Many of Watts' hymn texts were based on selections from the Book of Psalms, and they made the psalms accessible and familiar to multitudes. He is credited with over 750 hymns; the website cyberhymnal.org lists 498 of his hymns that are in current usage. Some of his more familiar texts are "Joy to the World," "O God, Our Help in Ages Past," "When I Survey the Wondrous Cross," "Jesus Shall Reign Where'er the Sun," and "Alas! And Did My Savior Bleed." Another of his texts to which was joined a refrain written by Robert Lowry is now known as "Marching to Zion."

Watts lived his life in England; he died there and was buried in a cemetery for people who did not conform to the practices of the Church of England. His grave is not far from those of some other famous dissenters: John Bunyan (author of Pilgrim's Progress) and John Rippon (He was a renowned hymnist who helped to popularize the texts of Watts and Charles Wesley. Rippon edited and published the texts of hymns such as "All Hail the Power of Jesus' Name" and "How Firm a Foundation," making them famous).

Watts' texts were in hymnbooks settlers brought into Kentucky

Though Watts never came to the American colonies or to Kentucky, I think that he counts as one of the pioneers of our Commonwealth. When English settlers came down the Ohio River and through Cumberland Gap, they brought hymnbooks with them. Often these collections contained only texts, with no music other than a notation of the meter (rhythm pattern), which allowed the singer to select easily a commonly known tune of the same meter. Many of the texts in these early hymnals were the words of Isaac Watts.

Shape note hymnals appeared after 1800

After 1800 shape note hymnals began to appear. (And the term is shape note; I once made the error of saying shaped note in the presence of an aficionado; after the lecture I received I'll be sure never to make that error again.

I do persist in pronouncing our local beverage iced tea, even when many menus refer to it as ice tea.) Shape notes comprise a visual representation denoting the musical sounds of close harmony a cappella singing, and the early shape note hymn compilations are a priceless repository of American folk tunes.

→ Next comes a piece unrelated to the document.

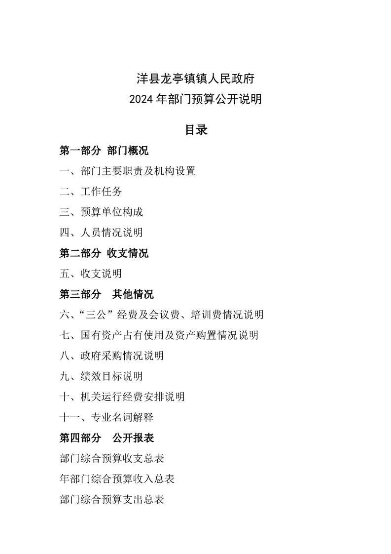 内容概述 | 洋县龙亭镇2024年部门预算公开 |

Kentucky Harmony hymnal was one of most popular

One of the most popular and widely dispersed shape note hymnals of the age was Kentucky Harmony (1816). Compiled by Ananias Davisson from hymns already popular on the frontier, it was a publication that had great influence on later shape note hymnbooks, including The Southern Harmony, The Missouri Harmony, and The Sacred Harp.

Despite the title of his book, Davisson lived in Virginia, spending his life in the Shenandoah Valley. Nevertheless, his hymn collection was used all over Kentucky. (It is believed that The Missouri Harmony (1820) was the hymnbook most widely used in Indiana and Illinois when young Abraham Lincoln and his family moved into those areas.)

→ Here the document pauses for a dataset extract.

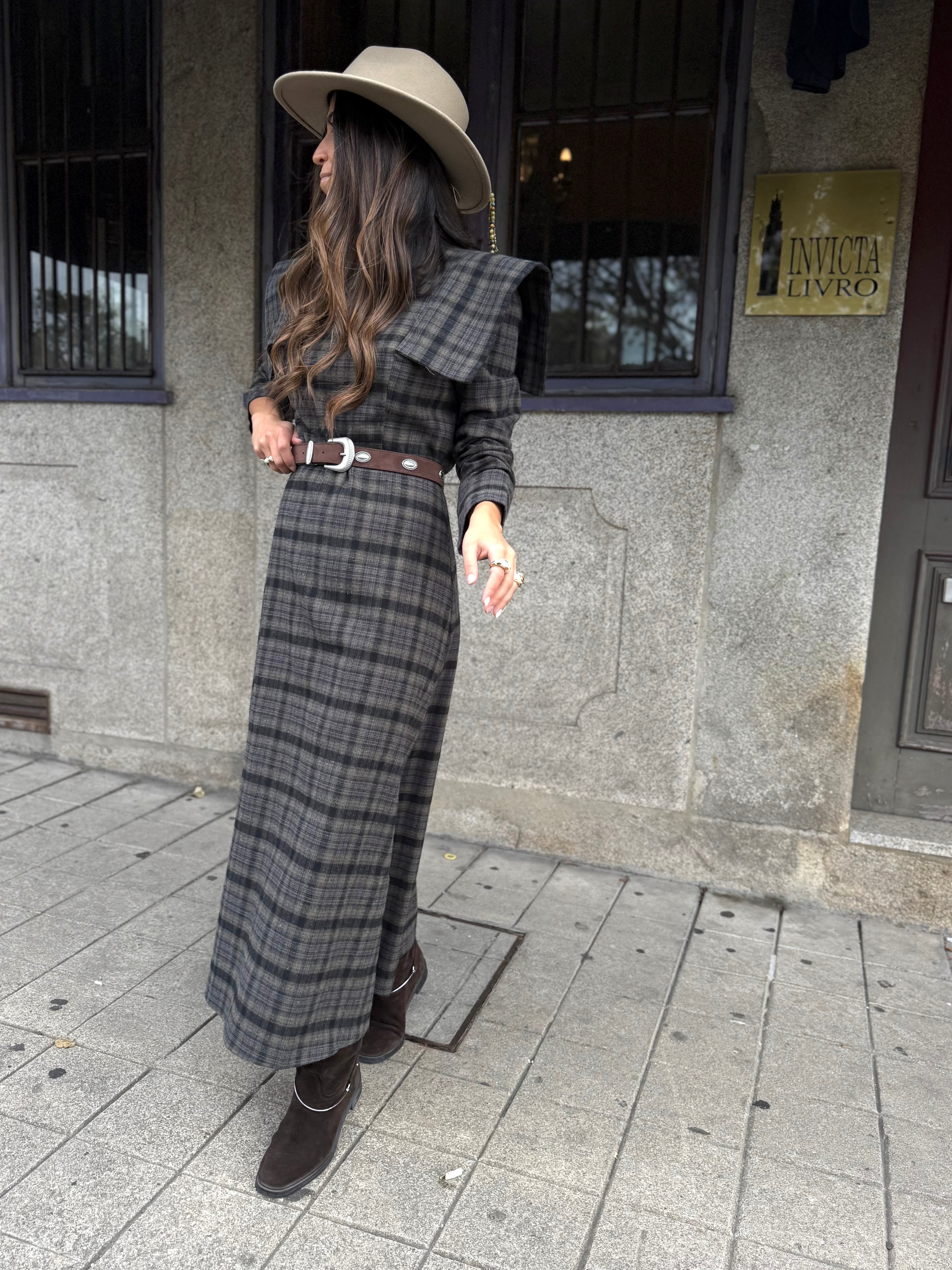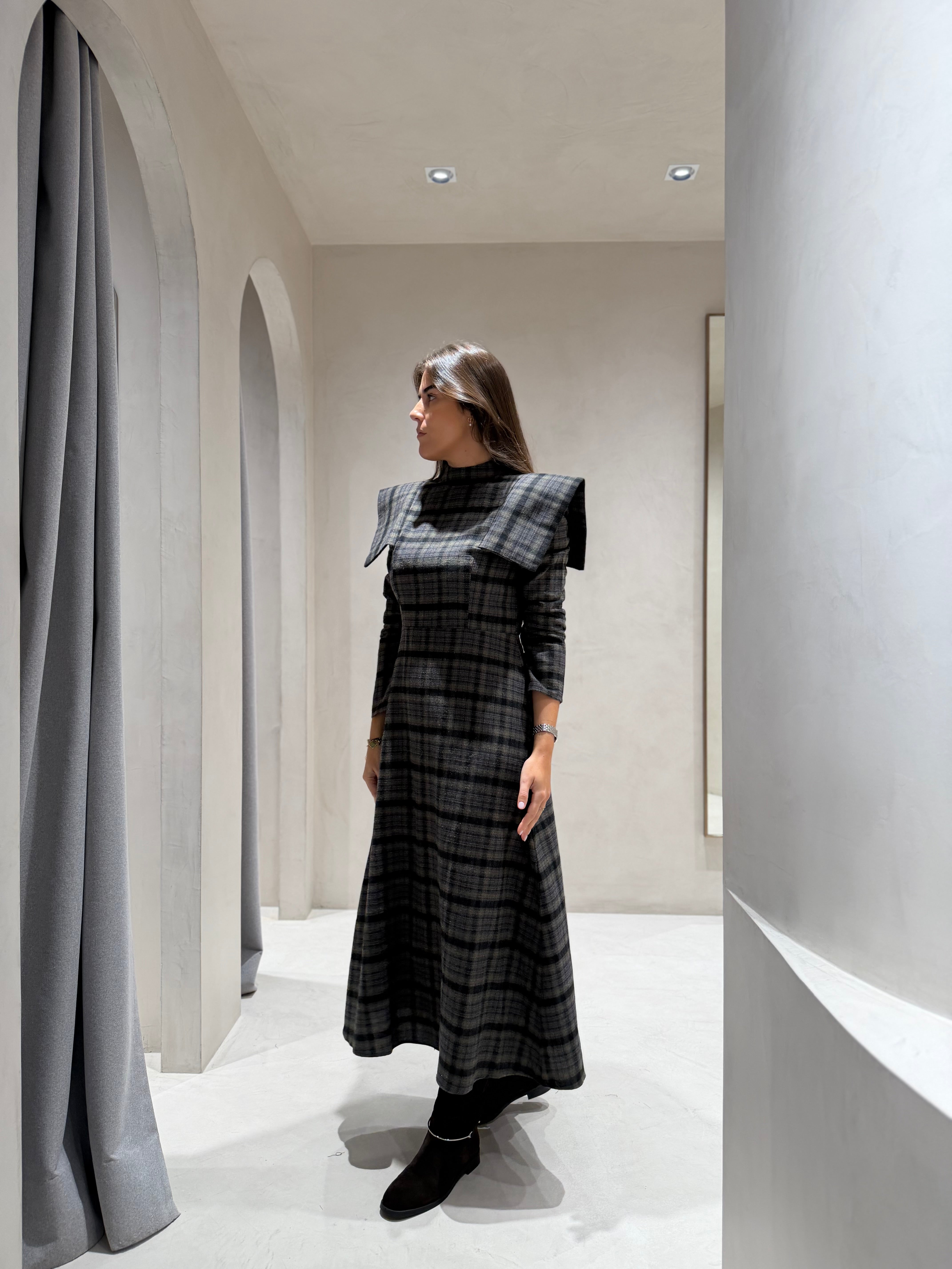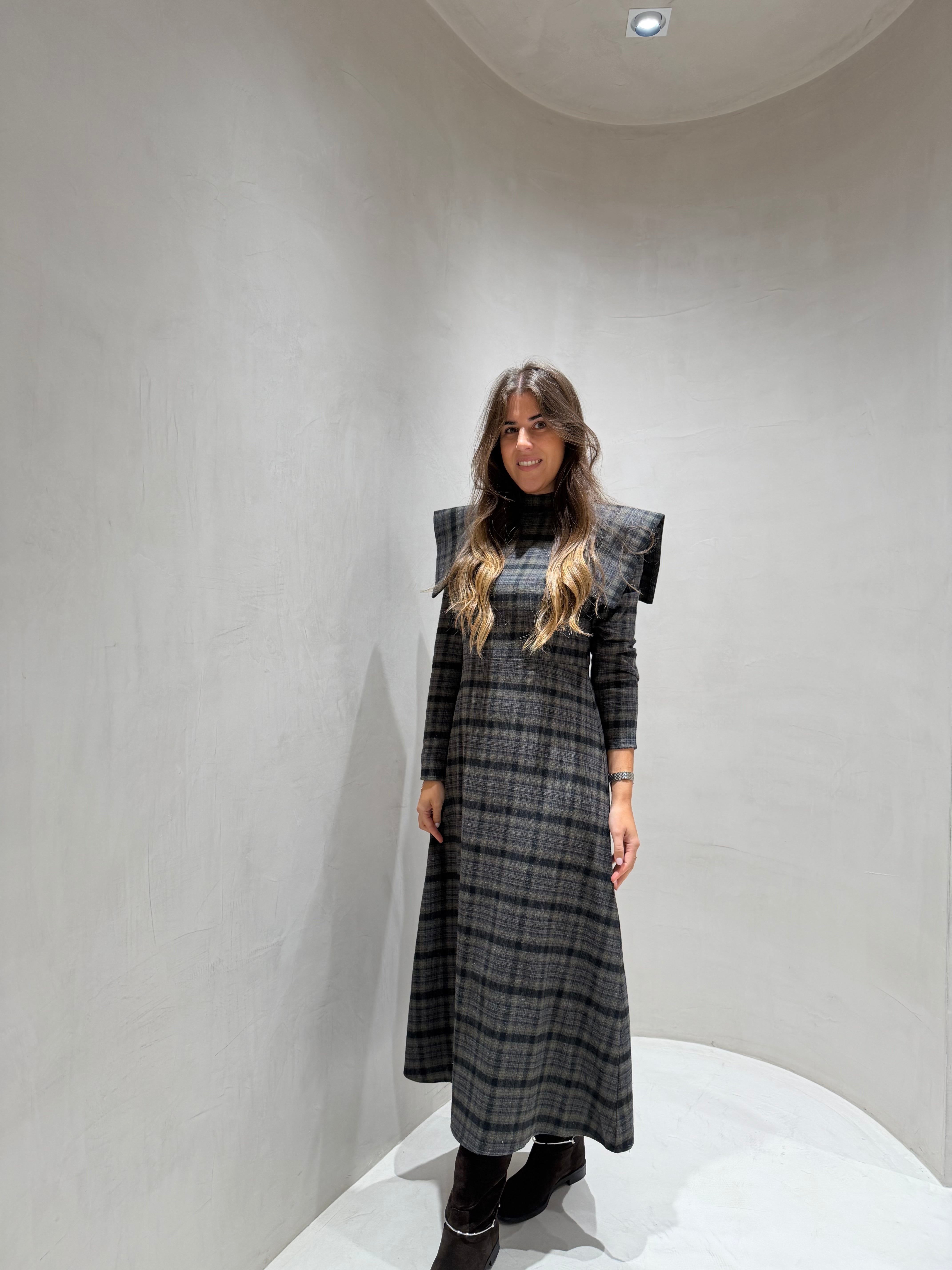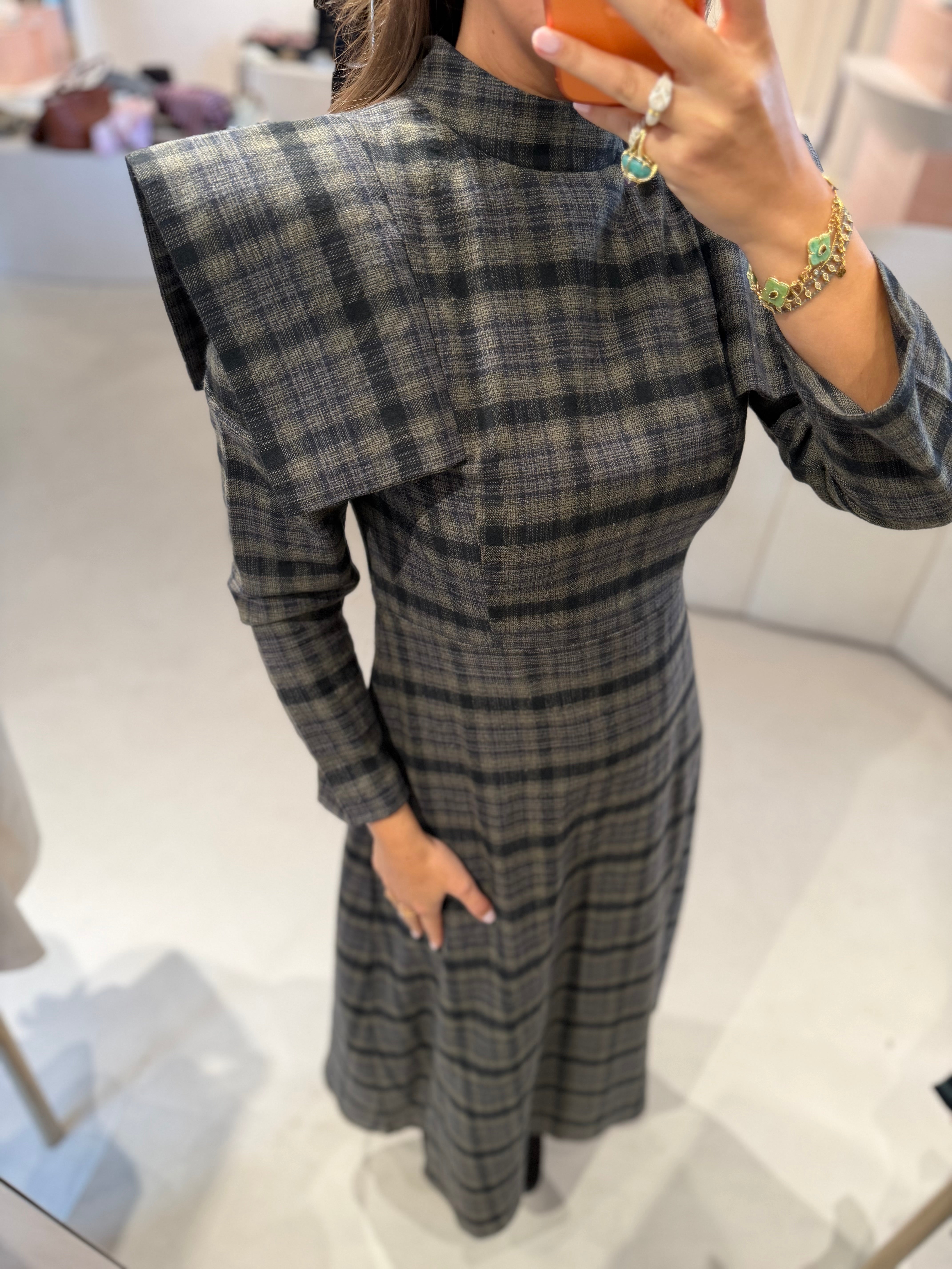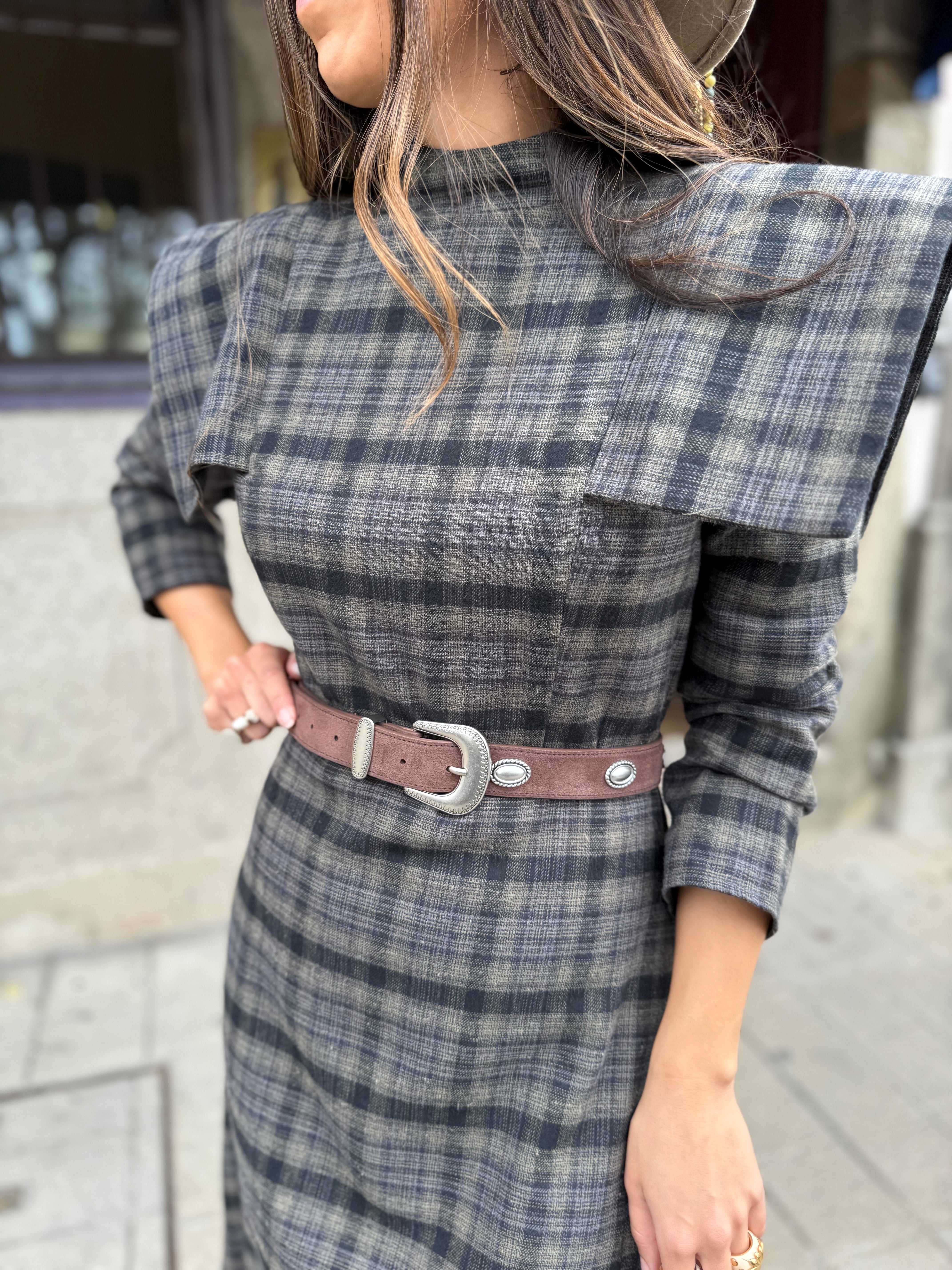 Sofisticação e personalidade em cada detalhe. Este vestido midi de padrão xadrez combina o charme clássico do xadrez com o toque ousado das ombreiras estruturadas, que valorizam a silhueta com elegância e confiança.

One look at Kentucky Harmony shows influence of Watts

One look at Kentucky Harmony lets us see the influence of Isaac Watts on frontier religion. There, tied to the folk melodies and frontier hymn tunes, are many of Watts' texts. Kentucky Harmony's first edition had almost 140 hymns listed; 124 of them can be traced either to texts written by Isaac Watts or published by John Rippon in his famous 1787 hymn compilation, A Selection of Hymns by the Best Authors, Intended to Be an Appendix to Dr. Watts' Psalms and Hymns

.What this tells me is that Isaac Watts was as much a presence at the settlement of Kentucky as some of the Commonwealth's more famous pioneer icons. Wherever people gathered to worship, wherever circuit riders established new outposts of Christianity, wherever people raised their voices to sing praise or seek consolation, the hymns of Isaac Watts were there also.

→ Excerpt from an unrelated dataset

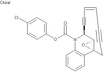 Treatment of quinoline (I) with ethynylmagnesium bromide (II) in THF at low temperature, and then with 4-chlorophenyl chloroformate (III) gave carbamate (IV). Subsequent deprotection of tert-butyldimethylsilyl group with p-toluenesulfonic acid yielded allyl alcohol (V), and this was stereoselectively epoxidized with m-chloroperbenzoic acid to give epoxyalcohol (VI). Coupling of (VI) with vinyl chloride (VII) in the presence of Pd(0)-CuI catalyst provided the enediyne compound (VIII). This was oxidized with Dess-Martin periodinane reagent to the aldehyde (IX). Finally, CsF-promoted cyclization in the presence of acetic anhydride provided the title compound as a 2:1 mixture of diastereoisomers, which could not be separated.
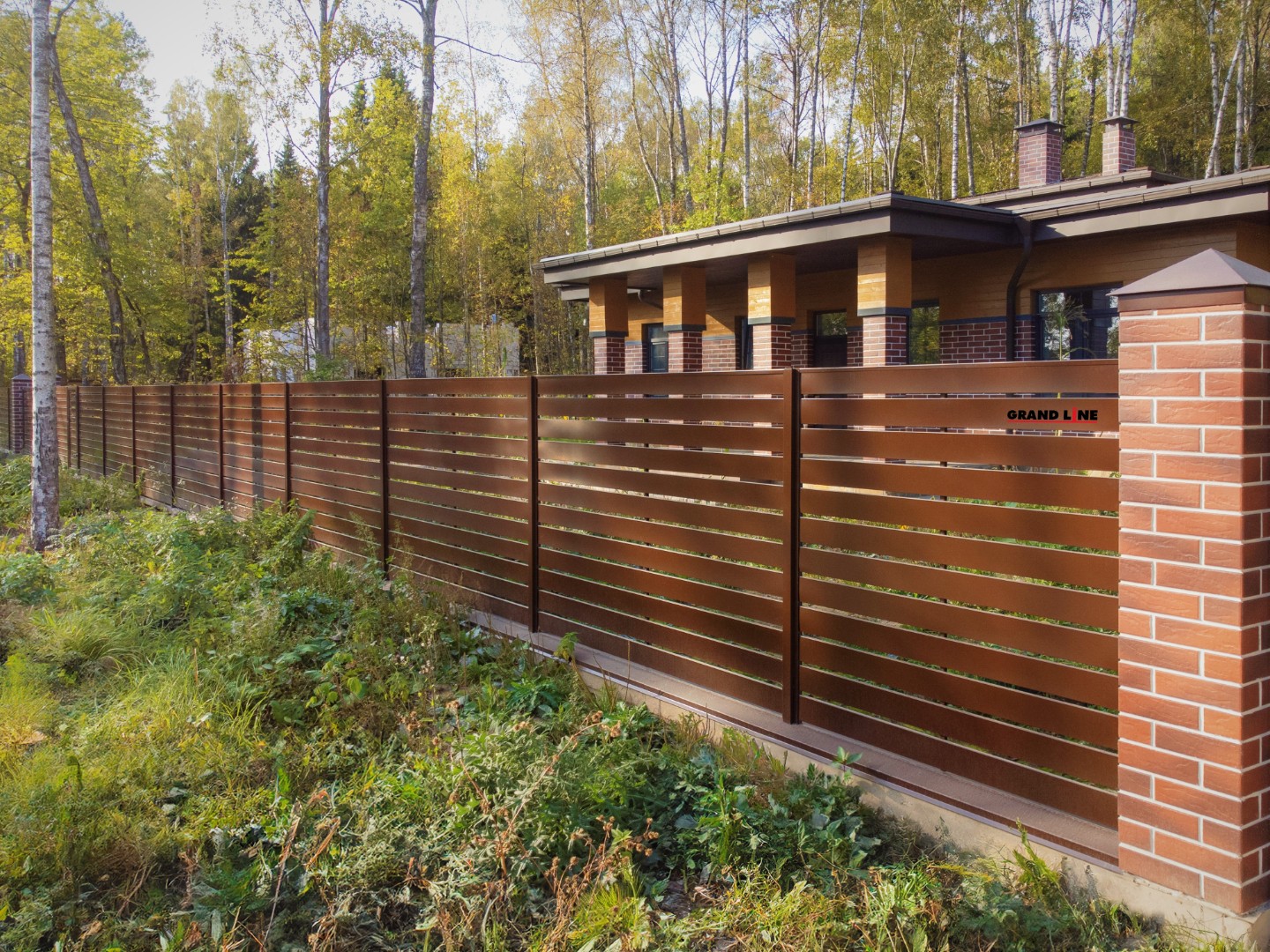 Ламель лицевая 125 забора жалюзи Texas 0.5 Satin с пленкой RAL 8017 шоколад в Грабово

Isaac Watts' hymns have staying power

Watts never will be listed in Kentucky history books alongside Daniel Boone or Simon Kenton, but in my mind's eye, he'll be right there as I think about our state's trailblazers. His texts have staying power, and they have lasted long after much of the weaponry of the frontier has rusted and rotted away.

Birthday thanks for Isaac Watts! Kentucky should be grateful to him and for him.